Sometimes clients simply haven’t gotten around to it yet. But often—particularly with those who have only recently learned they are HIV-positive—clients admit they are too worried, scared, or ashamed to go to the hospital for care.
“Come back in and see us again,” Magdalena tells them. “We’ll talk more.” They often do, and after more counseling, many find the courage they need to seek further treatment.
IntraHealth worked with the ministry to test the bi-directional referral system for six months in 55 health facilities in the Kavango, Oshikoto, Oshana, and Khomas regions. They found that the system did help health workers to follow up with their clients, though a lack of phones and limited communications infrastructure in some areas mean that not all had the same successes as the Rundu New Start Center. The paper-based forms present another challenge—some facilities ran out and had no way of ordering more.
But the pilot’s successes are encouraging, says IntraHealth’s Dr. Alexis Ntumba. “Referrals are not new in Namibia, but there have been many challenges for the system,” he says. “It lacks standard procedures between public facilities and we have inconsistent communication and tracking between different providers and facilities. Also, different facilities use different forms—some more detailed than others—and that affects the continuum of care for clients.
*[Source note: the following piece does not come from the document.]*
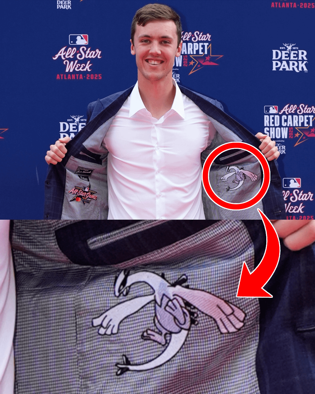 Brewers pitcher Jacob Misiorowski had the Pokémon Lugia on the inside of his suit jacket for the All-Star Red Carpet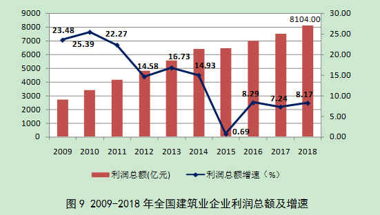 2018年,全国建筑业企业实现利润总额8104亿元,比上年增加612.22亿元,增速为8.17%,增速比上年提高0.93个百分点(图9)。

It means we can’t ensure that clients who are referred actually reach their destinations and benefit from the services.”
Staff at many of the facilities involved in the pilot liked the consistency the forms offered. And even after the pilot was over, Rundu’s New Start staff continued to use the basic principles and practices they learned during the study.
IntraHealth is now working to scale up the bi-directional referral system and streamline its design. Dr. Ntumba and his team are working with the ministry to update the forms, prevent booklet shortages, and add a mobile phone component that will help save time (no more running back and forth between facilities to collect slips). The paper referral slips, though, are here to stay—having a form gives clients peace of mind and reassurance when it comes to visiting health facilities that are new to them.
When the Rundu New Start Center staff started taking down their clients’ names and addresses, they worried clients would object (though Magdalena and her colleagues keep the center records secure and confidential). But they found that clients were happy to give their information—and that it helped form a deeper sense of trust in the health workers.
“In that way, clients came to be more open,” says Josef Kanema, HIV counselor and acting site manager at the New Start Center. Clients no longer felt they were adrift after being referred away from the health center. And they liked that the staff could get to know their individual situations well and were willing to keep helping them beyond their initial testing and counseling appointments.
Now clients will even call the center ahead of time when they don’t make it to their appointments, just to let staff know not to worry or to say that they’re having problems getting there. Some clients even stop to chat about their referral appointments when they see staff members on the street.
“We hadn’t seen that before the bi-directional study,” Josef says. “For me, these are the real success stories.”
This work was performed under the IntraHealth project Namibia Capacity Building for Country Owned HIV/AIDS Services, which is funded by the US Agency for International Development.